The project received a waiver from the responsible institutional review board.


The 31 respondents who only entered demographic data but did not answer any further items were excluded from the analysis. Their data were only used to check for differences between completers and drop-outs. The chi-square test was used to test for associations between responses and the survey samples as well as socio-demographic characteristics. All other statistical analyses were descriptive. In the 5-point Likert scales, we defined “substantial differences” in response patterns as at least a 1-point difference. Missing data for survey items are documented in each data table.

A Cronbach analysis for each of the multiple item questions showed a good reliability with values of 0.752 to 0.877.

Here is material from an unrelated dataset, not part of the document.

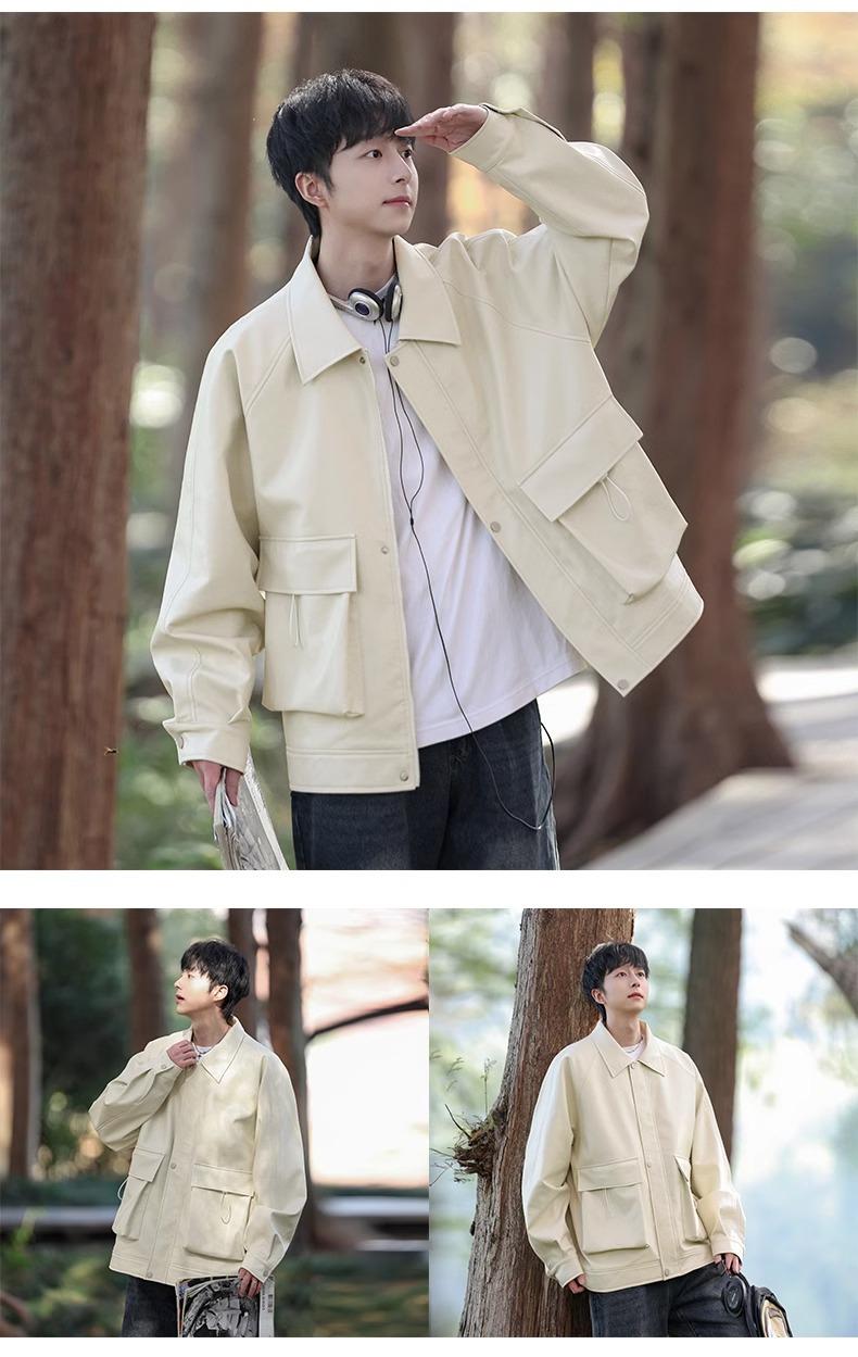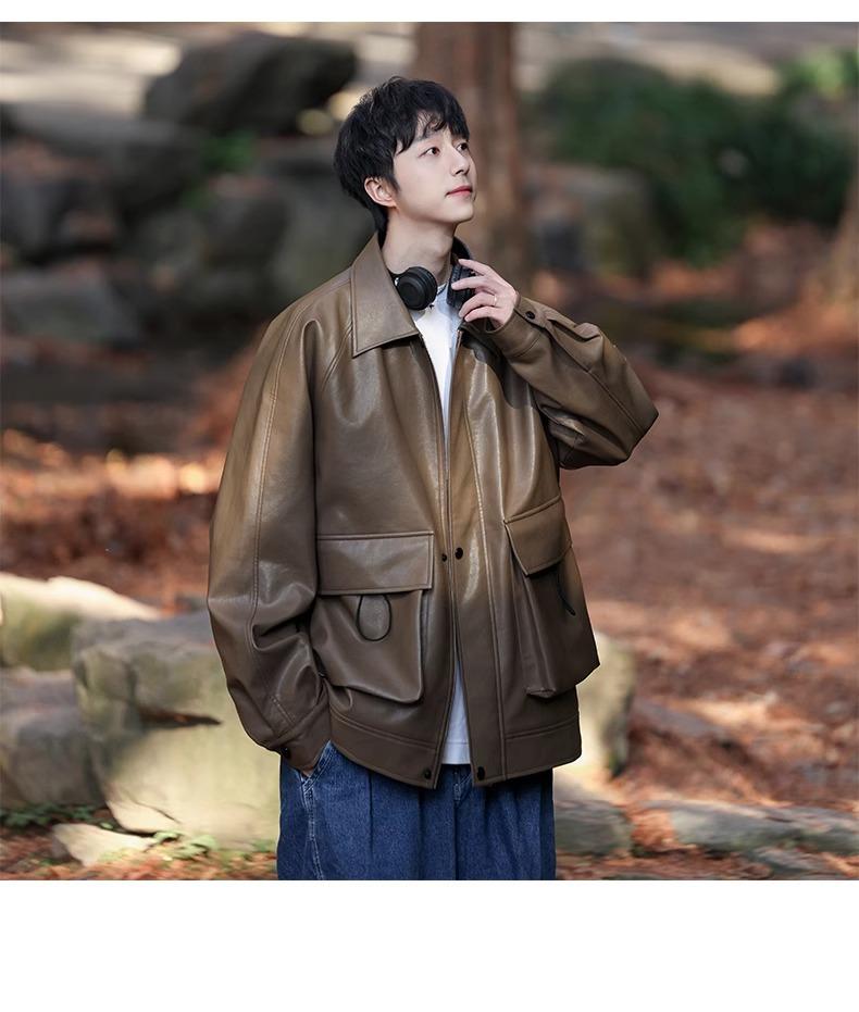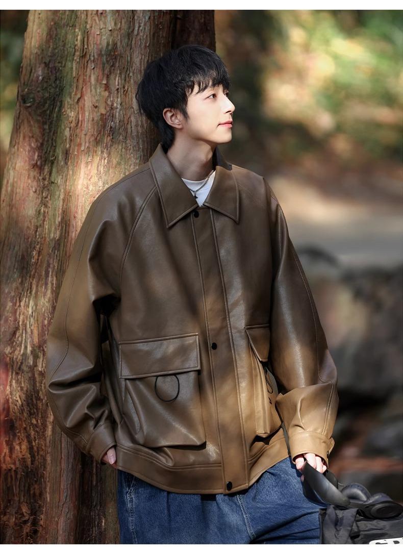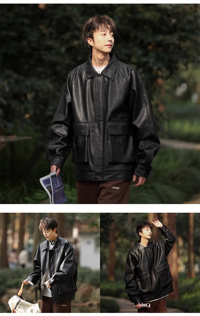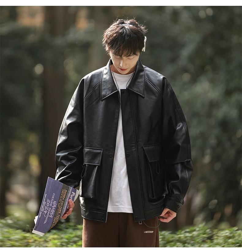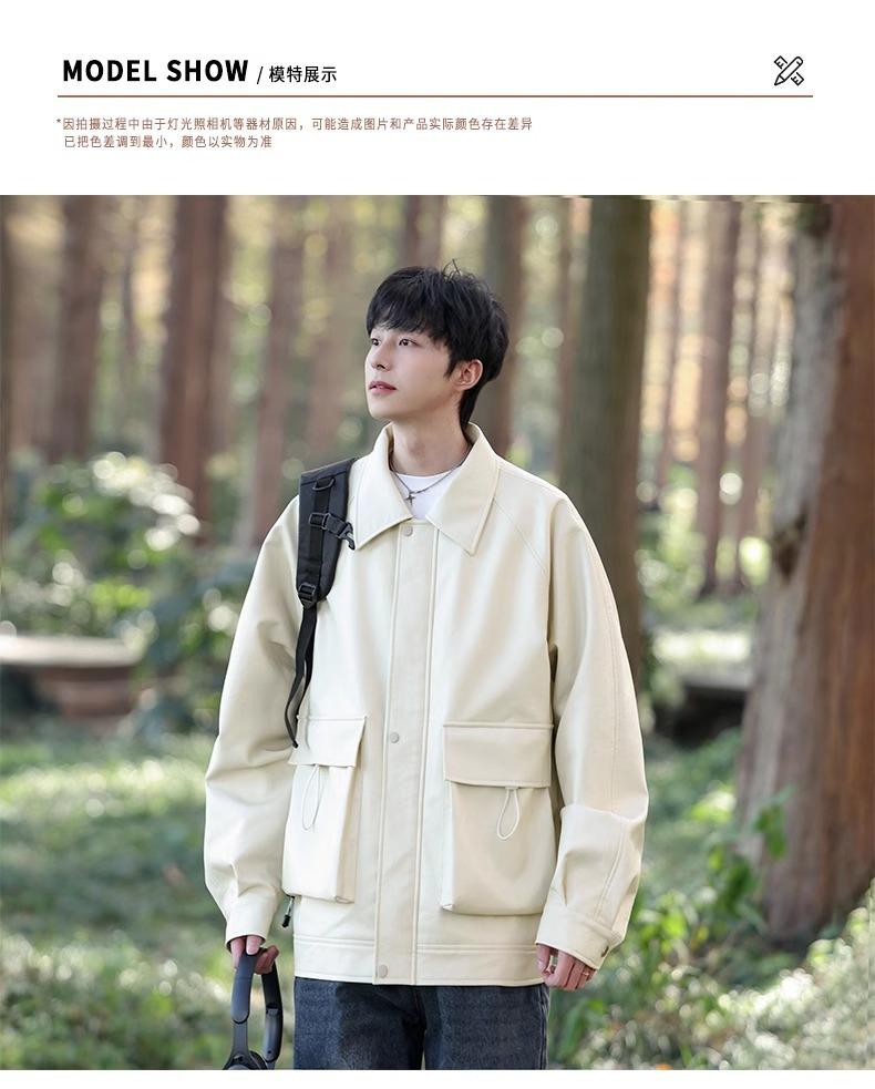 Chaqueta de cuero sintético con solapa de la NASA para hombre, primavera y otoño de 2025, estilo motociclista, estilo americano, para exteriores, holgada, de cuero sintético.

Adherence to reporting STROBE statement checklist items is documented in S1 Checklist.


Response rate

In total, we received 444 responses, 47 from the “preselected journal sample”, 270 from the “random Pubmed sample” and 127 from the “CAMARADES sample” (see Table 1). The overall response rate was highest in the CAMARADES sample (9.4%), and about half of this in the journal sample (5.7%) and the random sample (4.5%). The percentage of complete responses was between 100% (in the journal sample) and 84% (in the CAMARADES sample).

Demographic data

In the following section, we report demographic data for all respondents who completed the survey (n = 413). For better readability, we only present percentages in the text. See Table 2 and Tables A-H in S3 File for specific demographic data for each of the three samples. In total, 40% of survey responders were female and 60% were male. The mean age was 46 years. Most respondents described their current employer as an academic institution (88%), and only a few indicated government (6%), nonprofit organization (3%) or private industry (3%). The majority (60%) were associate or full professors, 29% were assistant professors or postdocs, 9% were PhD students and 2% were Master’s or Bachelor’s students. The majority had published 3–10 articles containing animal experiments over the past three years (45%), 30% had published more than 10 articles, 17% had published 1–2 articles, and 8% did not publish on animal experiments in this time period. Regarding the total funding volume over the last three years, 27% received more and 48% received less than 500,000€, and 25% who had not yet received third-party funding. 48% of respondents indicated that they primarily or only conduct basic animal research, 29% indicated that they primarily or only conduct preclinical animal research, and the remaining 23% indicated that they perform both basic and preclinical research to “an equal level”.

Survey results

Non publication / Publication bias.

Survey respondents indicated that 25% (median, IQR = 35) of their own experiments performed over the last three years were not published. They assumed that approximately 35% (median, IQR = 30) of experiments from other researchers in their field were not published.

The survey respondents consistently found that publication bias is very important (level 4 on a scale from 1 to 4, median, IQR = 1) for all surveyed aspects of animal research, namely, i) planning of future preclinical or clinical research, ii) duplication of research efforts, iii) public support of animal research, and iv) trust of the scientific community in animal research (Table 3).

Table 3. Importance of publication bias on different aspects of animal research.

Impact of animal study registries.

We asked the survey respondents about their agreement/disagreement with regard to nine potential strengths and four potential weaknesses of ASRs. As described in the Methods section, we identified this set of potential strengths and weaknesses based on prior qualitative expert interviews.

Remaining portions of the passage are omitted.